Hopefully my intended process is clear and someone will be able to point me in the right direction or correct some mistake I may have in my program.

Thanks in advance.

#include <iostream>
#include <cstdlib>
#include <string>

using namespace std;

int main()
{
    string str1 = "1234567890", str2 = "2345678901"; //Two original strings of large integers
    string rev_str1, rev_str2;
    int int1 = 0, int2 = 0;
    string final; //Final product string, sum of two original strings
    int temp_int = 0, buffer_int, remainder = 0;
    string temp_str = "", buffer_str;
    char buffer[100] = {0};

    cout << "str1 = " << str1 << endl;
    cout << endl;
    cout << "str2 = " << str2 << endl;
    cout << endl;

    rev_str1 = string(str1.rbegin(), str1.rend());
    rev_str2 = string(str2.rbegin(), str2.rend());

    for (int i = 0; i < 10; i++)
    {
        buffer_str = rev_str1.at(i);
        int1 = atoi(buffer_str.c_str());
        buffer_str = rev_str2.at(i);
        int2 = atoi(buffer_str.c_str());
        buffer_int += (int1 + int2 + remainder);
        remainder = 0;

        while (buffer_int > 9)
        {
            buffer_int -= 10;
            remainder += 10;
        }

        temp_str = itoa(buffer_int, buffer, 10);
        final += temp_str;
    }

    final = string(final.rbegin(), final.rend());

    cout << "final = " << final << endl;
    cout << endl;
}

Answer 1

#include<iostream>

using namespace std; main(){

int sum =0;
int a;
int reminder;
cout<<"Enter the Number :"<<endl;
cin>>a;
while(a>0){
    reminder=a%10;
    sum=r+sum;
    a=a/10;`enter code here`

}
cout<<"Additon is :"<<sum<<endl;

}

Answer 2

Your problem is that you are carrying 10s instead of 1s.
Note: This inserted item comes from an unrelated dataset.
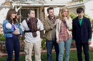 L-R: Charmaine (Rosemarie DeWitt), Neil (Patton Oswalt), Evan (Keir O'Donnell), Kate (Brie Larson) and Marshall (Keir Gilchrist) say goodbye to Tara and Max
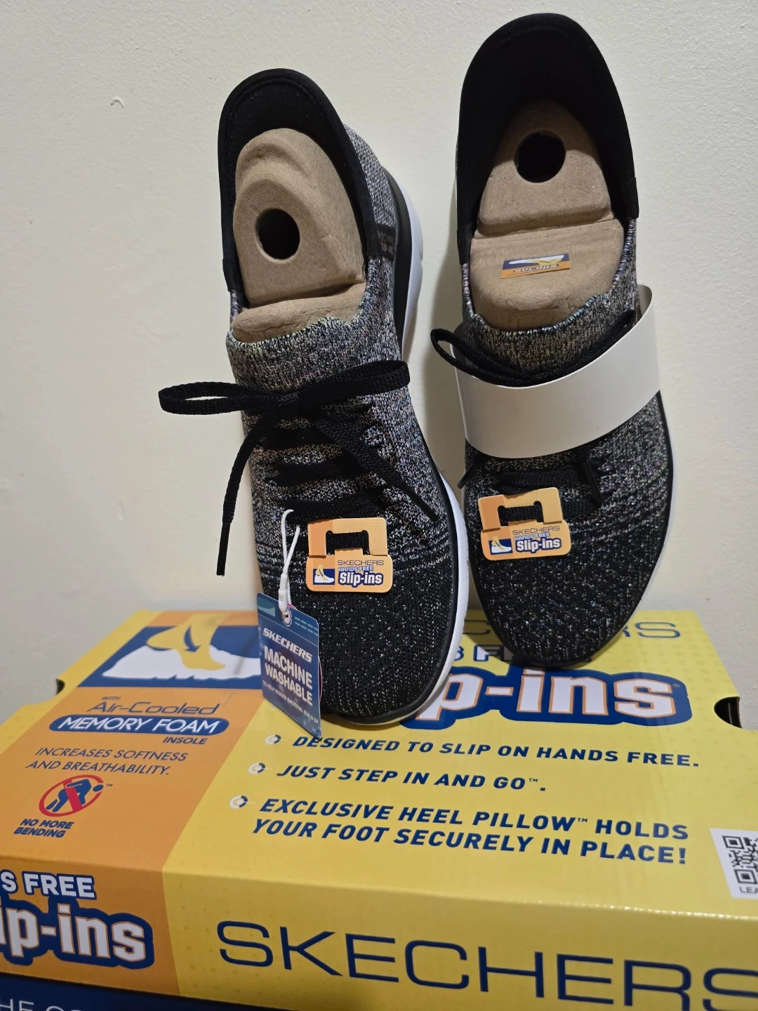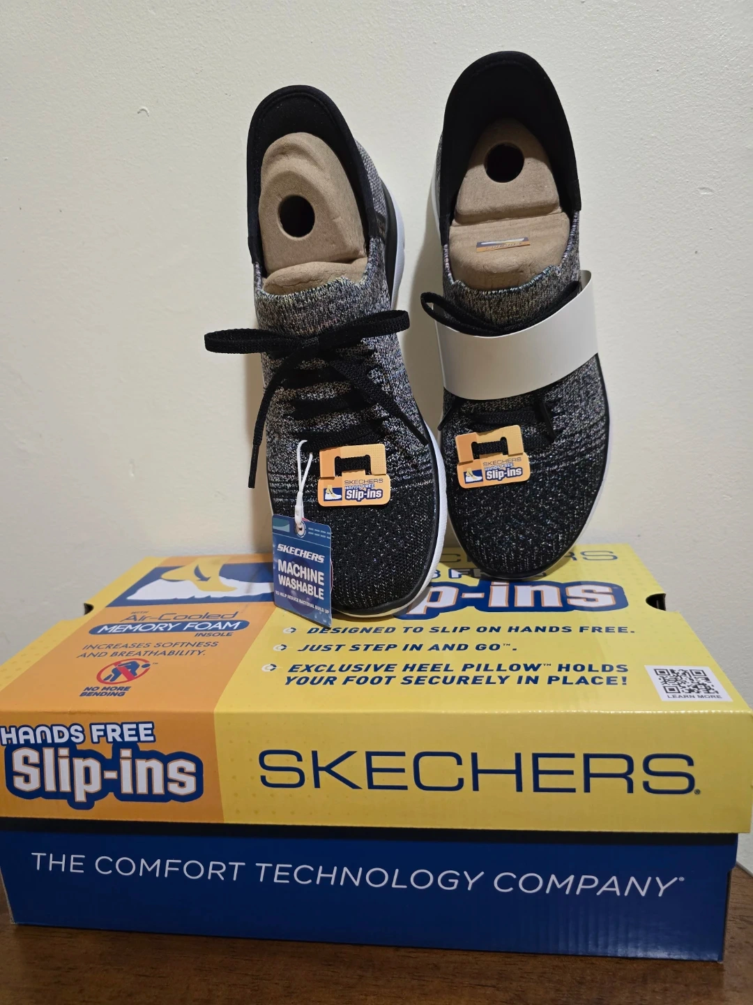 Brand new Skechers with "Hands Free Slip-ins" technology. Perfect for easy wear—just step in and go! Size 8, featuring an exclusive Heel Pillow™ that holds your foot securely in place. Very lightweight and breathable. Original box not included.

When you add 19 + 5, you get 4 in the units position and add an extra 1 in the 10s position. You wouldn't add an extra 10 in the 10s position.

You simply need to change this line: remainder += 10; to remainder += 1;.

Also, that while loop isn't necessary if you have more than two addends. As it is, when you are adding only two digits at a time, the largest addends you can have are 9 + 9, which carries only 1.

Answer 3

Here's what I came up with. It is just for two summands; if you have more, you'll have to adapt things a bit, in particular with the carry, which can then be larger than 19, and the way the result string is allocated:

#include <iostream>
#include <string>

using namespace std;

int main()
{
    // Two original strings of large integers
    string str1 = "1234567890",
           str2 = "2345678901234";

    // Zero-padd str1 and str2 to the same length
    size_t n = max(str1.size(), str2.size());
    if (n > str1.size())
        str1 = string(n-str1.size(), '0') + str1;
    if (n > str2.size())
        str2 = string(n-str2.size(), '0') + str2;

    // Final product string, sum of two original strings.
    // The sum of two integers has at most one digit more, for more inputs make
    // below reverse_iterator a back_insert_iterator, then reverse the result
    // and skip the removal of the padding.
    string final(n+1, '0');

    // The carry
    char carry = 0;

    // Iterators
    string::const_reverse_iterator s1 = str1.rbegin(), e = str1.rend(),
                                   s2 = str2.rbegin();
    string::reverse_iterator f = final.rbegin();

    // Conversion
    for (; s1 != e; ++s1, ++s2, ++f)
    {
        // Bracketing to avoid overflow
        char tmp = (*s1-'0')+(*s2-'0') + carry;
        if (tmp > 9)
        {
            carry = 1;
            tmp -= 10;
        }
        else
        {
            carry = 0;
        }
        *f = tmp + '0';
    }
    final[0] = carry + '0';

    // Remove leading zeros from result
    n = final.find_first_not_of("0");
    if (n != string::npos)
    {
        final = final.substr(n);
    }

    cout << "str1 = " << str1 << endl
         << "str2 = " << str2 << endl
         << "final = " << final << endl;
}